На главной улице не было ни души, только красноносый рабочий с лопатой. Окна мертвых отелей были темны, ставни закрыты, световая реклама отключена, витрины пусты. Ночь образовала купол над моей головой, ледники вдали бесформенными серыми глыбами вырисовывались на фоне неба. Здание школы у меня за спиной причиняло мне боль, как рана. Чем-то бессильно шуршал ветер, да оскорбленно постанывали несколько деревьев с несколькими скомканными листьями. Высоко над головой плыла медная луна, к которой с незапамятных времен обращались с романтическими гимнами и печальными молитвами. Только идти вперед, все время вперед, никуда не сворачивая. Дорога закончится.
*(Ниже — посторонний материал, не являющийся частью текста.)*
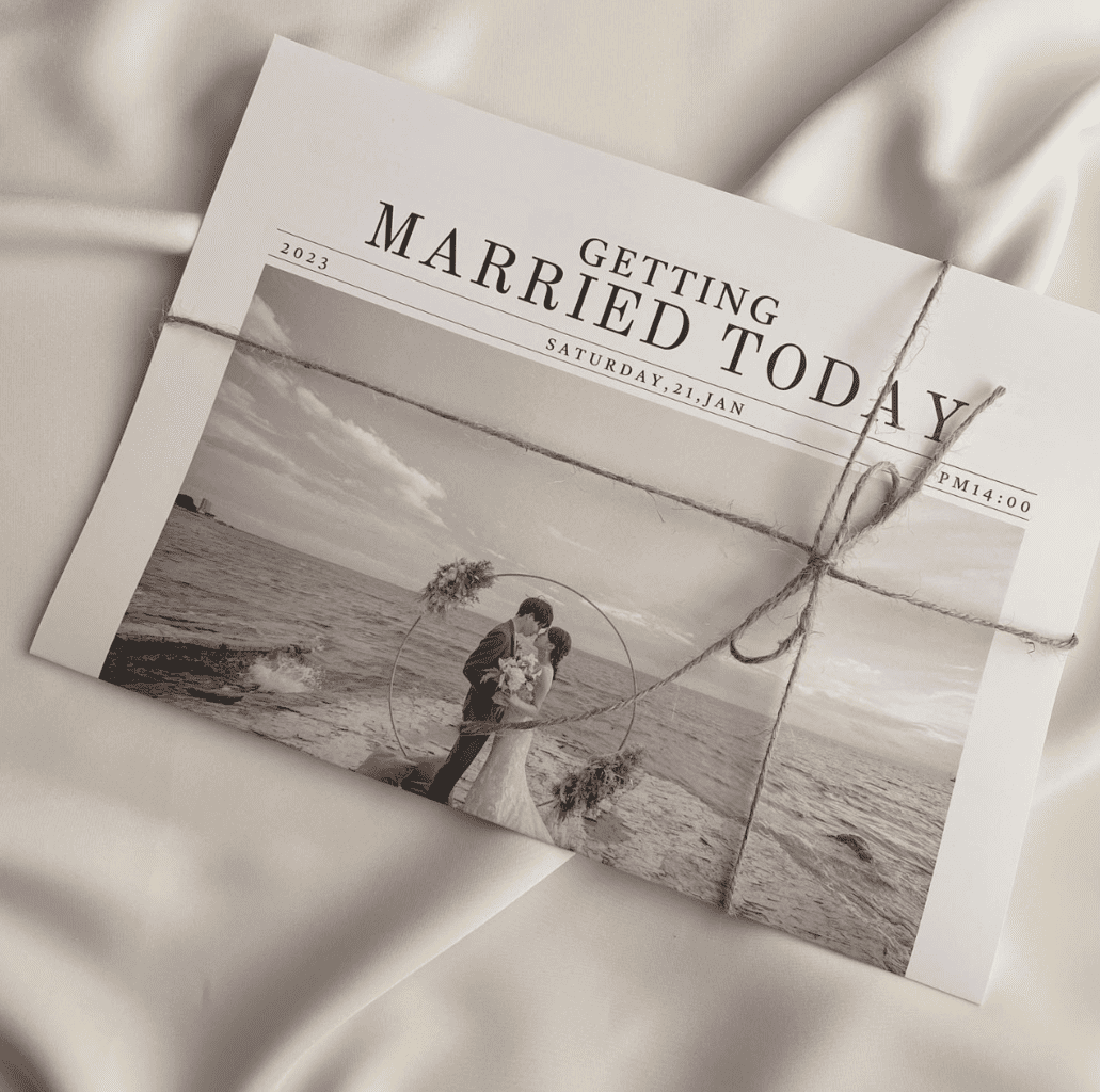 お洒落な前撮り写真を大きな紙面に載せて、お二人だけのオリジナル”wedding newspaper”をご用意しませんか?

У меня под ногами будет поскрипывать сухая трава, похолодает, ветер, больше не стесняемый домами, усилится. Потом тропа пойдет под уклон, сначала едва заметно, чуть-чуть, и внезапно передо мной засверкает долина, сгусток мерцающих, перемигивающихся, снующих туда-сюда светляков на черном бархате. И земля вдруг уйдет из- под ног, тропа растворится в пустоте. Все это продлится одну, может быть, две, может быть, три секунды; возможно, я еще успею заметить, как ко мне бросятся огни. А потом все кончится, больше не будет ни насмешек, ни стыда.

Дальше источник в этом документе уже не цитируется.